Les Cortes de Cádiz.

En un reciente artículo, el profesor Francesc de Carreras, reputado especialista en derecho constitucional, se permite afirmar que la “mayoría de historiadores catalanes renunciaron a serlo para convertirse en historiadores nacionalistas, es decir, falsos historiadores, en realidad poetas”. No me parece acertado discutir si los historiadores nacionalistas son más o menos en la profesión, tampoco ofrecer una cansina defensa gremial. Me interesa discutir, en todo caso, sobre ideas y sobre elecciones interpretativas, individuales al fin. 

El nacionalismo historiográfico parte de la presuposición de solapamiento entre la historia de la sociedad y el desarrollo de la nación, de sus precedentes, su eclosión y sus crisis. Esta identificación tan estrecha no impone de necesidad una visión acrítica, ni impone de necesidad una visión de éxito o fracaso, como la historia europea de los años treinta mostró de forma dramática. Lo decisivo no es esto, lo crucial es la centralidad del objeto inevitable de interrogación: Cataluña, España, Francia, Alemania y los ejemplos que quieran añadirse. Entidades todas ellas que se interpretan en proceso inevitable de eclosión en la fórmula del estado-nación. Interpretada esta secuencia desde los casos de fracaso, la no formalización de la plenitud deseada —el de los catalanes— se organizará para lamentarlo, para establecer sus causas. Cuando aquella ecuación estado-nación cuaja —en España—, ello se da por supuesto y, en consecuencia, las resistencias en sentido contrario figuran como anomalías que no merecen evaluación y ponderación relevante. En los dos casos la elección epistemológica es idéntica. El proceso deviene natural más que histórico. Si otros no lo ven así, peor para ellos.

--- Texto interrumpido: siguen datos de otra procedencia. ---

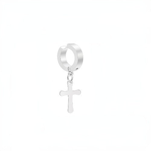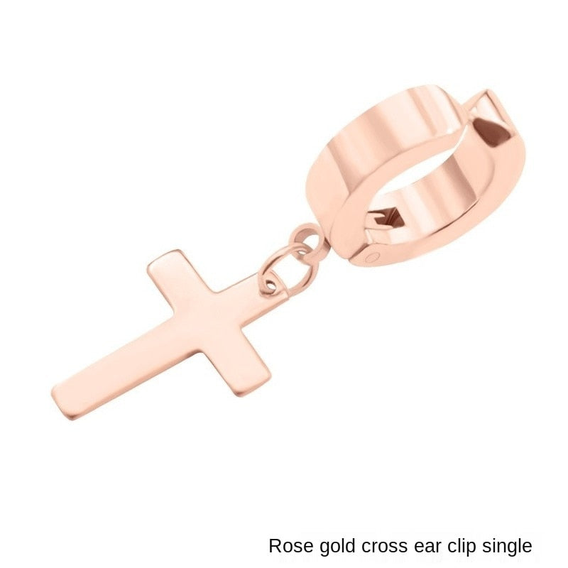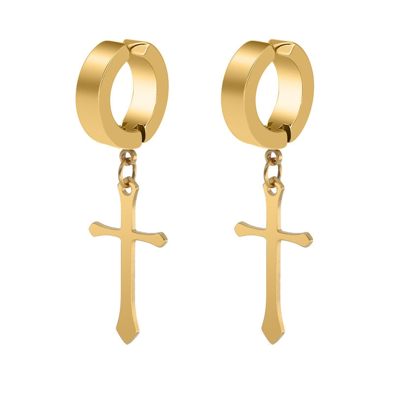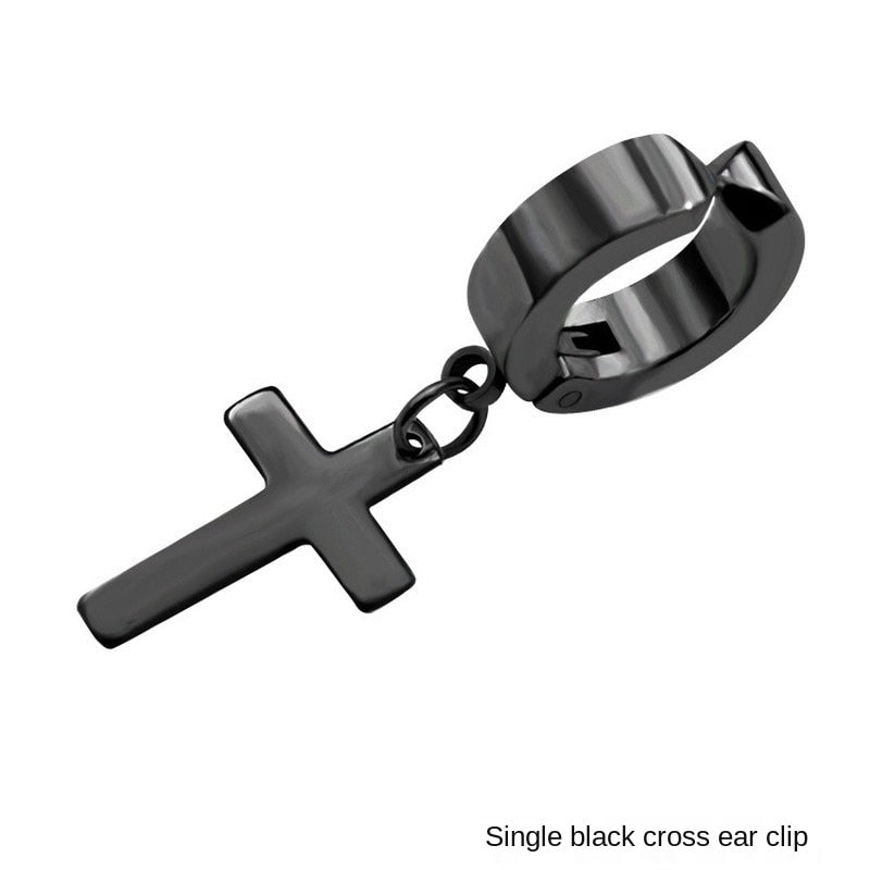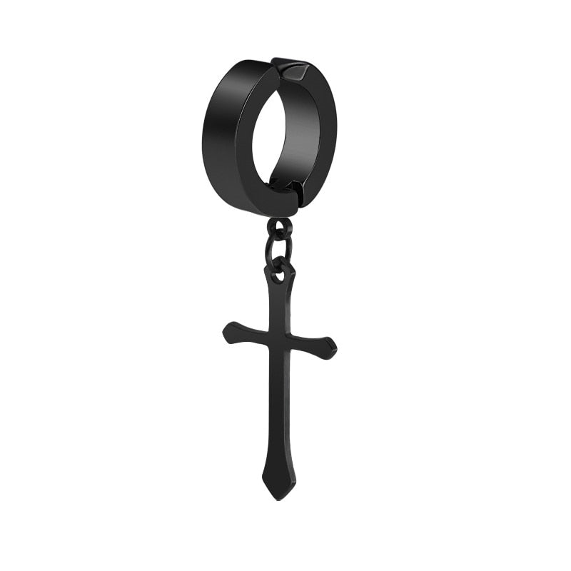 Stainless Steel 1 PC Clip On Non Piercing Earrings For Women Men Black Gold Color Cross Gothic Punk Rock Drop

El caso de las Cortes de Cádiz y de Agustín Argüelles, citado por el profesor Carreras, es ejemplar en este sentido. Salvando el caso de los afrancesados de convicción y los que se pasaron de bando (el propio monarca), parte del país se levantó en nombre de la nación. Lo mismo hicieron los “españoles americanos”. Solo que Argüelles y buena parte de los liberales españoles, encarrilaron el proceso constituyente de modo tan sesgado y excluyente que los americanos se sintieron tan maltratados que se marcharon para buscar otros protectores. En paralelo, el mismo Argüelles y los suyos eliminaron de los censos electorales a todos aquellos individuos libres con sangre africana en sus venas (las 'castas pardas'), la clave para la subordinación electoral de los americanos. De nuevo en 1837, cuando se apruebe una nueva constitución, Argüelles logrará expulsar a los ultramarinos de la misma, reeditando el procedimiento napoleónico de 1799 de separar a las colonias de la ciudadanía y la representación en la Francia metropolitana (y así restablecer la esclavitud). De esta forma, antillanos y filipinos se encontrarán sometidos a la soberanía española pero impedidos de gozar de los beneficios que la Constitución garantizaba a los demás. Como explicó el historiador Enric Ucelay Da-Cal, el nacionalismo español tomó consistencia de verdad en el pleito insoluble con los cubanos, cuando aquellos reclamaron una solución integradora a la canadiense que no prosperó. Mientras, la ciudadanía universal no llegaría en realidad hasta la Segunda República, ciento veinte años desde el momento gaditano. Antes, los derechos de ciudadanía consistieron en una magra (pero decisiva) participación política y en obligaciones penosas para la mayoría. Como en tantas partes, ni más ni menos.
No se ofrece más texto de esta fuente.